顔だけは良い妹が何故かバーチャルアイドルをやっているらしい 作:hikari kawa
「レー、リズムあってるよっ、さすがエリのお兄ちゃんだっ」
「体重の乗った良いキックだっ」
妹の長い脚から放たれるは初心者とは思えないほど速く鋭く重い、無駄に綺麗なフォームの蹴り。
それがリズムに合わせて何度も僕に襲い掛かる。
捌き損ねればリアルにダメージを喰らうのは必須……。そこらの死にゲーよりもスリリングであろう体験をしながらミット型コントローラ―を両手で支える。
「体重は、軽いっ!」
ドンッ、とミット型コントローラーに蹴りが突き刺さる。
アルバイトに行くまでの数時間。妹に付き合ってリビングでフィットキック・ボクササイズ2で遊んでいると、テーブルの上に置いたスマートフォンが着信音と共に震えた。
「エリちゃん、ちょっとタイム」
「え、急には止ま」
バァァチンッ!!
ミットを下げた僕の無防備な太ももに鞭のようにしなる妹の蹴りが炸裂。
「痛ッたっ!!」
「あーあ。エリじゃ無くてスマホを見るから」
「……サマーソルトを会得する前で良かったよ」
足を引きずりながらスマートフォンを見れば、表示されているのは清廉未羽という未だに見慣れない名前。うっかり連絡先を教えてしまったけれど、いったい何の用だろう。
「もしも――」
『おはよ。あたし、お昼からボイストレーニングなんだけどその前に軽くカラオケ行って喉開くつもりなのよ。あんた暇なら付き合いなさい。バクスタで歌がどうこう話していたでしょ? せっかく知り合ったんだし歌のレクチャーしてあげるわ。塾近くの駅、地下に入っていく階段の横で十時半に集合ね』
――プツ、と通話が切られる。有無を言わせずとはこの事か。
時刻は十時、今から行けば間に合うタイミングではあるけれど……。
「……女? カラオケ?」
ぴったり僕の持つスマートフォンに反対側から耳をつけていた妹が訝しむ。小姑エリちゃんは僕の交友関係に厳しい。
「一緒に行く?」
「…………すぅ……外、かぁ」
悩んだ様子の妹はスタスタと窓際まで歩き、ガラッと窓を開ける。
すると冷房の効いた室内に生温い風という表現すら生温い熱風が侵入。妹はぴしゃっと窓を閉じると。
「エリーゼちゃんは家でゆっくりします」
そう言った。
・・・
夏期講習が行われる塾の最寄り駅。地下鉄に通じる階段の入り口付近に小さなリュックを背負った清廉未羽が立っていた。
日よけ帽子をかぶり白いドットが施された紺色のワンピースを着て足元は涼し気なサンダル、その姿は避暑地に訪れたお嬢様のように可憐で……。
「あのさ、今一人? 俺達これからカラオケでも行こーって話しててさ」
「よかったら一緒に行かね、ぜったい楽しいからさ」
清廉はまたもナンパされていた。
大学生に見える男二人組は静かに黙っている清廉を押しに弱いタイプと思ったのか更に声を掛けるが、清廉はそっけないまま。直情的に見えつつもすぐに事を荒げようとせず、
とりあえず『待つ』を選べるのは彼女の美点のように思える。
逆に言えば、そんな清廉をしっかり怒らせた綾野礼とやらは中々に度し難い。
出会って数日の清廉ではあるけれど、僕は初日から彼女の地雷を踏み抜いたのだ。
「……はぁ。私、待ち合わせしているんです」
「え、ともだち?」
「ならその子も一緒にさぁ――」
さて、これ以上黙って眺めているのがバレたらひどく機嫌を損ねてしまいそうだ。
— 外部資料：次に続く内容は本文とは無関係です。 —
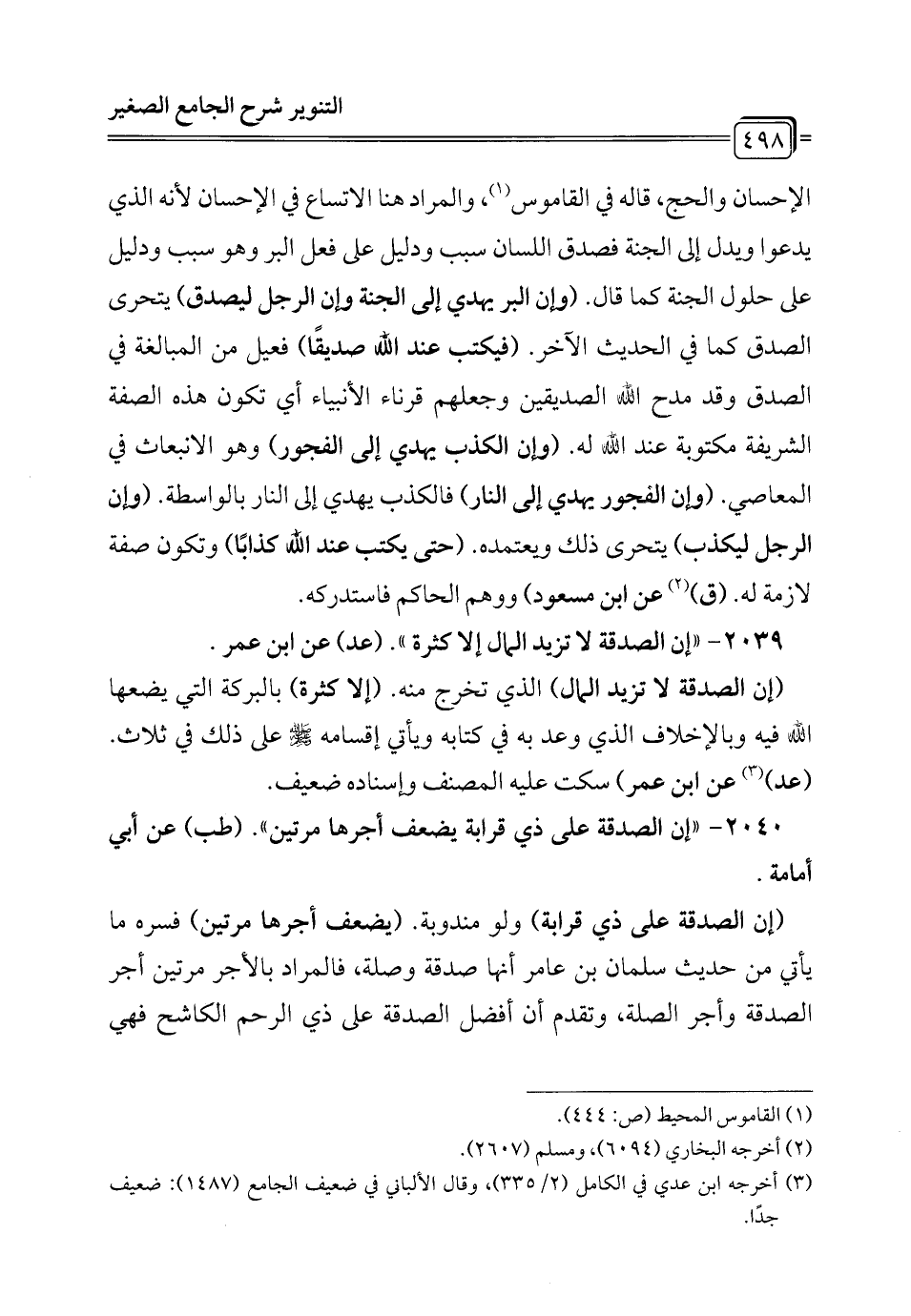 2039 - "إن الصدقة لا تزيد المال إلا كثرة". (عد) عن ابن عمر.

清廉が爆発するに迎えに行こうかと足を一歩踏み出すと――目が合った。
「あ」
「お、行く気になった?」
「いえ、彼氏が来たので。カラオケは彼氏と行きますね」
清廉が大学生二人にペコリと頭を下げパタパタとこちらに駆け寄ってくる。
その顔は僕に近づくほどお澄まし顔から眉間に皺を寄せた表情に変わっていく。僕はもう少し早く家を出るべきだったようだ。
「おっそい。あんた、五分前には着いてなさいよ。おかげで馴れ馴れしい奴らに絡まれたじゃない。今日はあんたの歌を聴いて面白がろ……一緒に練習してあげようってんで集まったんだから先に待ってなさいよ」
ドスの効いた声で、詰められる。一方的に誘っておいてこの発言である。
「妹と遊んで足を負傷したもので」
「妹。あぁ、ほんとに仲良いんだ」
「……?」
「ま、とにかく行くわよ」
清廉の感想にどこか引っかかりつつ、そのまま二人揃って駅前のカラオケ店へ向かう。
大学生たちからの何とも言えぬ視線に心が痛い。店内で鉢合わせたらどうしよう。
「せーれん、なんかお洒落に気合い入ってる?」
「ふふ。ほんのりお化粧して、普段着より良い生地のワンピースを着て来たわ。だってあんたさえ居なければ推しとのデートだもの」
「暑くて汗かくんだから、ボイトレ終わってから家で準備すればいいのに」
「……ごもっともだわ。そうよねぇ、あたしもそう思ったんだけど買ったばかりの服だったからすぐに着たかったのよ。これじゃあんたに見せびらかしたくて準備したみたいじゃない」
「後ろの大学生にも好評みたいだけど」
「それはどうでもいい。あんたもああいう真似はしないように、がっつく男はモテないわよ。そういうのは、その。ねえこの服…………星野は、どう思うかしら。悪くは思われないはずだけど」
清廉がもじもじしている。
星野さんと会うまであと数時間はあるというのに随分な気合の入りようだ。星野さんみたいな大人が高校生を相手にするのかな、とは茶化せない雰囲気。
「あーその、女の子ってイベントとかで推しに会いに行くときお洒落していくらしいね」
「そりゃするわよ。どーせなら良く思われたいじゃない」
ひとまずお茶を濁す。もじもじしている清廉を見るとこっちまでソワソワしてくる。推しとか言っているけれど完全に恋する乙女だ。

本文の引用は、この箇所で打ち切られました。